Over the years I've fed myself pretty well. For this I pat myself on the back. My secret is a slowly evolving repertoire of dishes that (1) make enough to feed four or five or six, (2) keep well, and (3) don't get boring if you have to eat them four or five or six days in a week. These I vary with quick-and-easys, such as baked potato with cheese and salsa, grilled cheese sandwiches (if made with good bread, good cheese, and good mustard, I'd take one of these over a gourmet meal with all the trimmings), and Amy's addictive potpies and enchiladas.

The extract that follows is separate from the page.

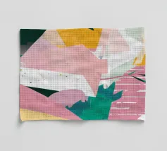 A modern, abstract composition featuring a patchwork of various patterns and shapes. Elements include organic leaf like forms, geometric grids, and abstract textures in a muted palette of pink, black, and beige, reflecting a bohemian, eclectic style.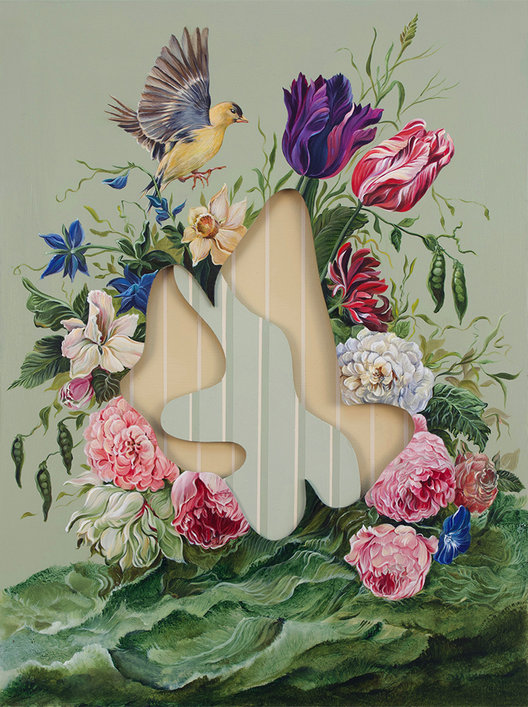 • “Forbidden Fruit II”, 30×24 inches, acrylic on panel, 2025

Tonight I dined on a cool-weather staple: a stove-top sort of casserole made of onions, lots of garlic, hamburger, green peppers, frozen corn, tomato purée, and egg noodles. A bowl zapped in the microwave and doused with tamari makes a fine, visually attractive supper. However, it occurred to me that I would have to know someone really, really well before I invited her in for the hamburger noodle thing. I often say I don't cook, but that isn't true. I cook -- I just don't regard cooking as performance, which is to say I don't cook for an audience. (Hence the caveat at the beginning: Rhodry lives with me, but I don't cook for him; I just measure out the kibble, chop his two glucosamine pills into three pieces each, hide them in the kibble, douse it all with canola oil, and put the dish in front of him.) The idea of cooking day in, day out for cranky children and a blasé husband is my idea of hell. If I were obliged to give dinner parties, they would all be potluck.
My only culinary performance piece is bread. I love making bread. I taught myself to bake bread when I moved home from England at the end of 1975; after more than a year of buying all my bread from local bakeries, I could hardly look at the sliced, shrink-wrapped American stuff. My breads regularly won blue ribbons at the annual agricultural fair until four years ago I moved into an apartment without a kitchen. It's got most of the necessary ingredients of a kitchen; what it lacks is a proper oven. I haven't baked bread since I moved into this place. Over these four years I've been working toward taking another show on the road -- primarily my first novel, The Mud of the Place, but also, secondarily, my life. No question in my mind, the breadlessness is temporary. When Mud is well launched, I will invent a bread in its honor.